MÜDAHALE KABUL EDİLEMEZ

Kayyum rektör İnci döneminde öğretim görevlilerinin, öğrencilerin kampüse alınmadığını anımsatan CHP Milletvekili Onur Konuralp yaşananları şu şekilde değerlendirdi: “Bu bir rezil olma halidir. Kayyum olarak nitelendirilen bir rektör Boğaziçi’ni ancak bu şekilde yönetir. Bir insan hem akademik birikimini hem de rektörlük görevini ancak bu ve buna benzer kararlarla rezil edebilir. Milletvekillerine bunu yapan bir rektörlük anlayışı öğrencilere ve akademisyenlere neler yapmaz ki yaptı da. Üniversitenin geçmiş dönemdeki rektörlerinin bile kampüse alınmadığı, lisans yüksek lisans ya da doktora eğitimlerini Boğaziçi’nde yapmış öğrencilerin ve eski akademisyenlerin okula sokulmadığını gördük. Aynı zamanda Boğaziçi’ni Boğaziçi yapan birtakım akademik birikimler, bizzat bu rektörlük ve rektörlük anlayışı tarafından yerle yeksan edildi.
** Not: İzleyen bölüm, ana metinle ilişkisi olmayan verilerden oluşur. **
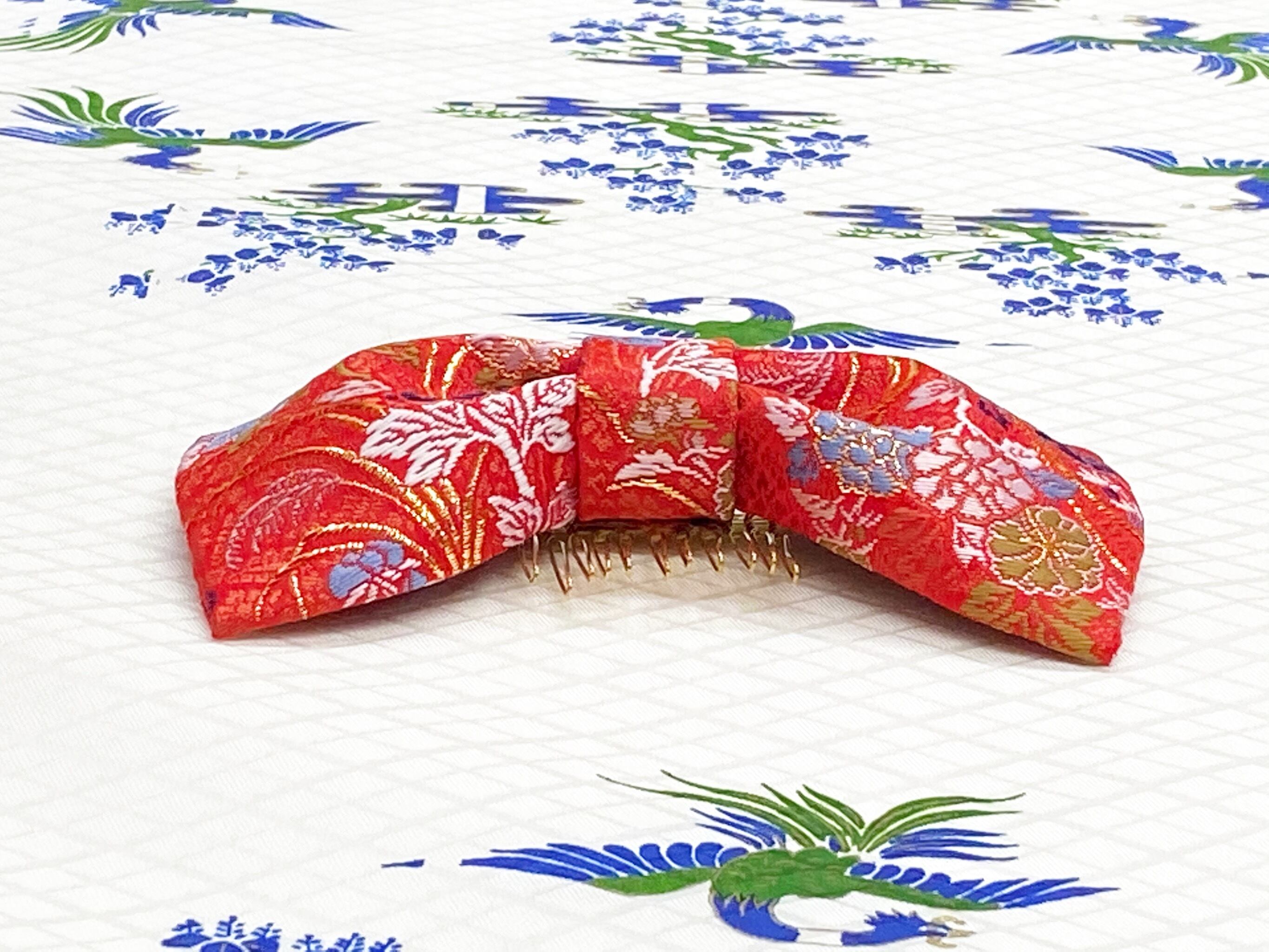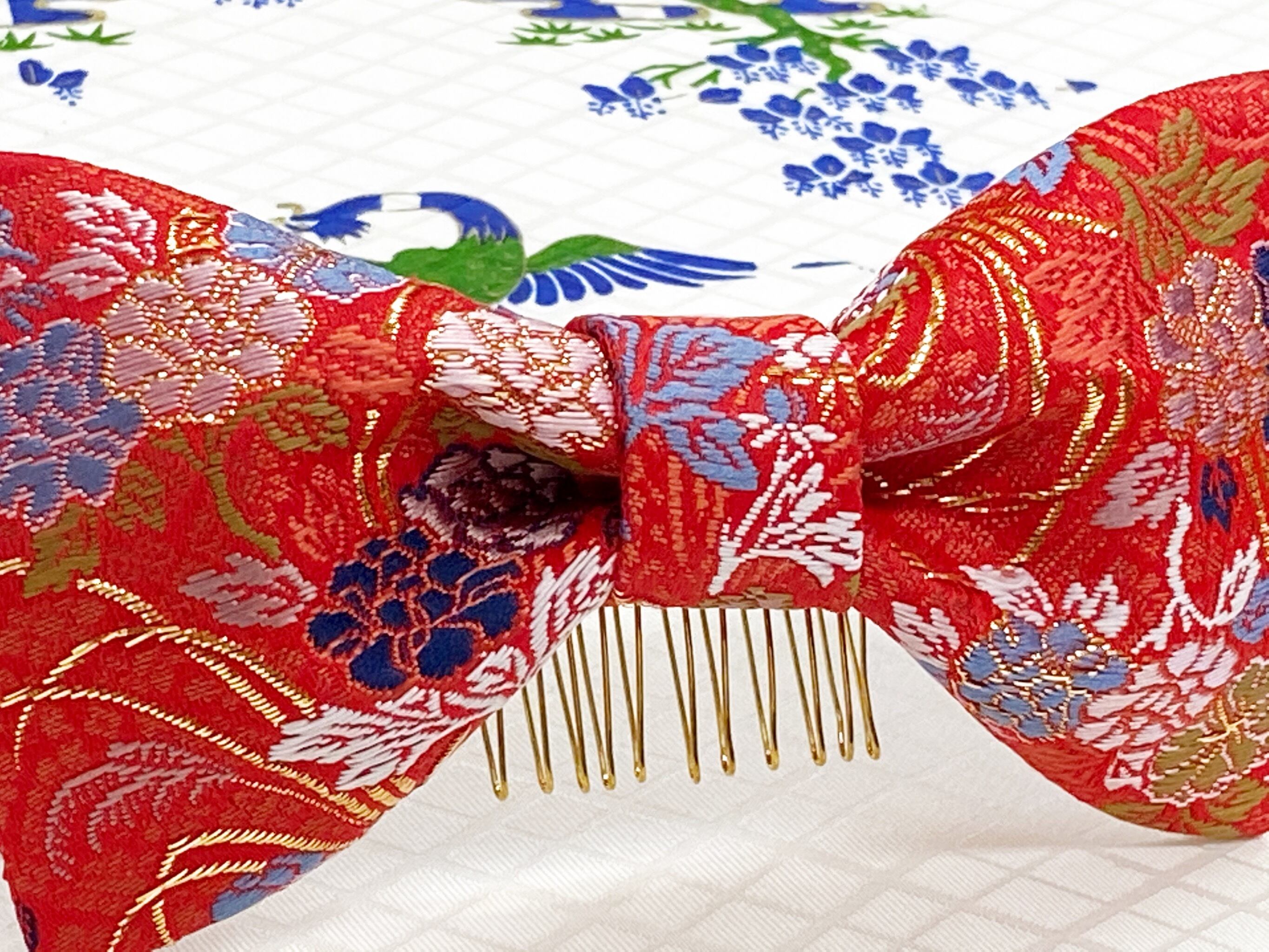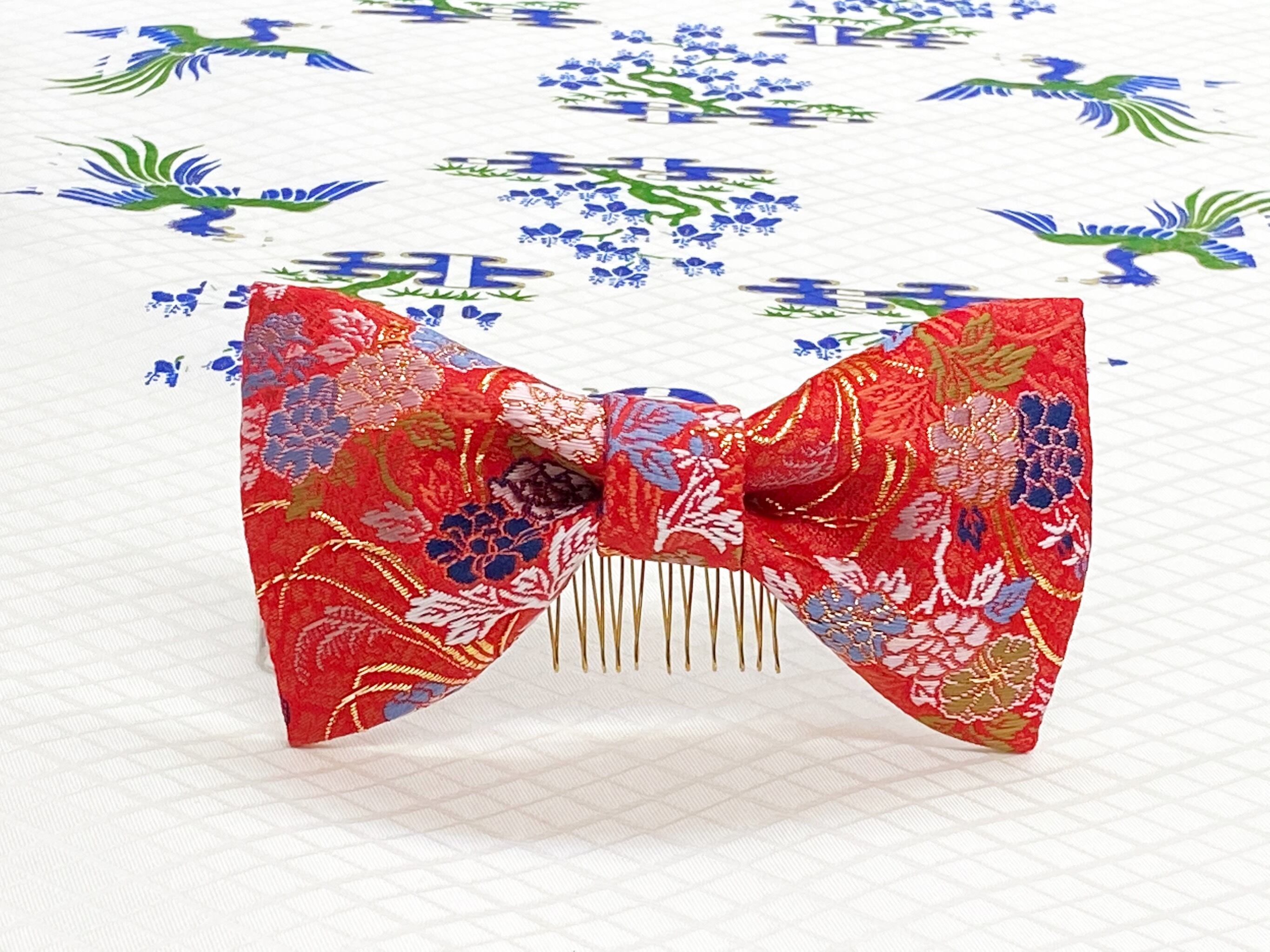 和風リボン○髪飾り○花柄○赤色○m-19 成人式 七五三 結婚式 卒業式 お茶会(送料無料)

Bunun geldiği nokta milletvekillerini de kampüse sokmak istememekle sonuçlandı.”

KENDİ ÇİFTLİĞİNE ÇEVİRDİ

Vekillerin kampüse girişinin İnci’nin sözlü talimatı ile engellediğine dikkat çeken EMEP Milletvekili İskender Bayhan, “Resmi bir beyanat yok, tamamen telefon üzerinden verilmiş bir engelleme, üniversiteye sokmama tutumu, yasak zihniyeti. İnci, Boğaziçi Üniversitesi’ni kayyum rektör olarak tek adam zihniyetiyle yönetiyor ve kendini Erdoğan’a beğendirtme çabası içinde. Bu tutumuyla Erdoğan’ın gözündeki itibarını yükselttiğini düşünüyor. Kendisi bir fizik profesörü, bir yerçekimi kanunu var ve ona inanmadan adeta ‘var olmanın dayanılmaz hafifliği’ ile oturuyor o koltuğa belli ki. ‘Burası Naci İnci’nin çiftliğidir’ demeye getiriyor” dedi” ifadelerini kullandı.

Bayhan son olarak şunları aktardı: “İnci’nin bütün hesabı ilerici, demokratik, özerk bir eğitim anlayışı açısından ne varsa hesaplaşmak ve hepsini ayaklar altına almak üzerine. Yaşananlardaki tutumu da onun devamıydı. Yetkililer üniversite özerk bir alan olduğuna dair savunma yaptı. Üniversitenin atanmış bir kayyum rektörün çiftliğine dönüşmüş olmasının özerklikle bir alakası yok.”